**Task description:** Write out the following listing's lines from the one with "En compañía de" to the one with "관제사들이 이노뎁 안양센터", exactly, with both included and no others.

**Record set:**
● ● ● ● ● ● ●
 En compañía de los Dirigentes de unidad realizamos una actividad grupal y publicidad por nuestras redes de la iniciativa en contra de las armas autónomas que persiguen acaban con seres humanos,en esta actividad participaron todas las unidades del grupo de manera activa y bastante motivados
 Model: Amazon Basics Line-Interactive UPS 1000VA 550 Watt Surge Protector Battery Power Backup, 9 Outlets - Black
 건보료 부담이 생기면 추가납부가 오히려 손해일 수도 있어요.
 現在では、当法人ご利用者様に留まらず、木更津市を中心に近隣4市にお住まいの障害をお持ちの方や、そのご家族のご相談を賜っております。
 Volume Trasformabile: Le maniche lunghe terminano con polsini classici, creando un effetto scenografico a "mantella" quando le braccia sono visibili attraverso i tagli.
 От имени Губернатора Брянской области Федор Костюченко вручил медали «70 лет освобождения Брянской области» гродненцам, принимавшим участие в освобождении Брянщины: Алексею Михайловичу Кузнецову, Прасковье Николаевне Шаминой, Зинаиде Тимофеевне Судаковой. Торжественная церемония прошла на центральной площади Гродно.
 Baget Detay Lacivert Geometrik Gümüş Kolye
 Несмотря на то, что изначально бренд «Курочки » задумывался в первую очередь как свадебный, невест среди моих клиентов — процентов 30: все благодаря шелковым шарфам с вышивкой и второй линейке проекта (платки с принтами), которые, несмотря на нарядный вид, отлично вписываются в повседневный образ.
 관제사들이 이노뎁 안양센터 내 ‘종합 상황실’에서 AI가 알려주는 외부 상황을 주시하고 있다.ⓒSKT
● ● ● ● ● ● ●
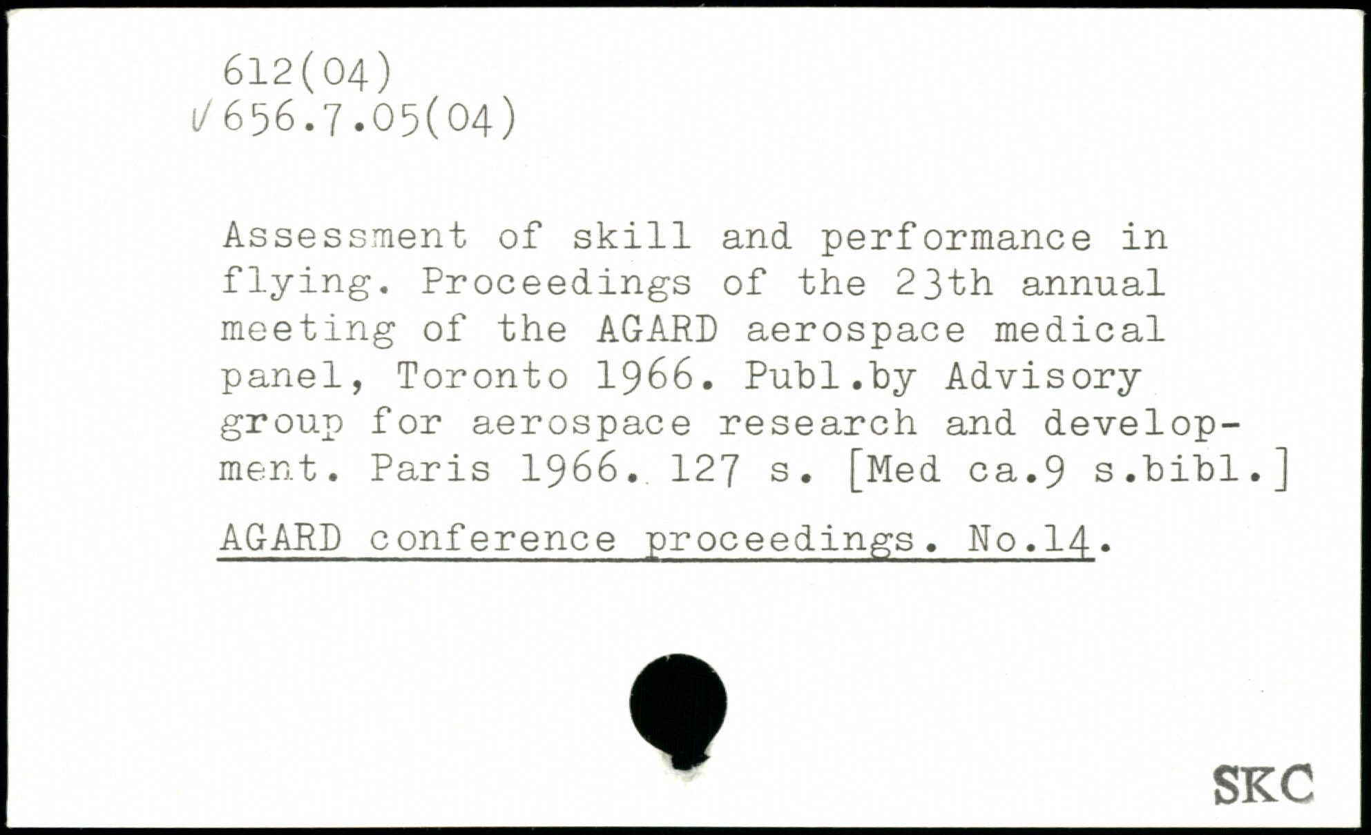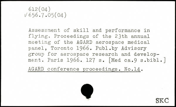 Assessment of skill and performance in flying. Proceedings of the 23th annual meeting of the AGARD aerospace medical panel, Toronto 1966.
● ● ● ● ● ● ●
**Result of the exercise:**
 En compañía de los Dirigentes de unidad realizamos una actividad grupal y publicidad por nuestras redes de la iniciativa en contra de las armas autónomas que persiguen acaban con seres humanos,en esta actividad participaron todas las unidades del grupo de manera activa y bastante motivados
 Model: Amazon Basics Line-Interactive UPS 1000VA 550 Watt Surge Protector Battery Power Backup, 9 Outlets - Black
 건보료 부담이 생기면 추가납부가 오히려 손해일 수도 있어요.
 現在では、当法人ご利用者様に留まらず、木更津市を中心に近隣4市にお住まいの障害をお持ちの方や、そのご家族のご相談を賜っております。
 Volume Trasformabile: Le maniche lunghe terminano con polsini classici, creando un effetto scenografico a "mantella" quando le braccia sono visibili attraverso i tagli.
 От имени Губернатора Брянской области Федор Костюченко вручил медали «70 лет освобождения Брянской области» гродненцам, принимавшим участие в освобождении Брянщины: Алексею Михайловичу Кузнецову, Прасковье Николаевне Шаминой, Зинаиде Тимофеевне Судаковой. Торжественная церемония прошла на центральной площади Гродно.
 Baget Detay Lacivert Geometrik Gümüş Kolye
 Несмотря на то, что изначально бренд «Курочки » задумывался в первую очередь как свадебный, невест среди моих клиентов — процентов 30: все благодаря шелковым шарфам с вышивкой и второй линейке проекта (платки с принтами), которые, несмотря на нарядный вид, отлично вписываются в повседневный образ.
 관제사들이 이노뎁 안양센터 내 ‘종합 상황실’에서 AI가 알려주는 외부 상황을 주시하고 있다.ⓒSKT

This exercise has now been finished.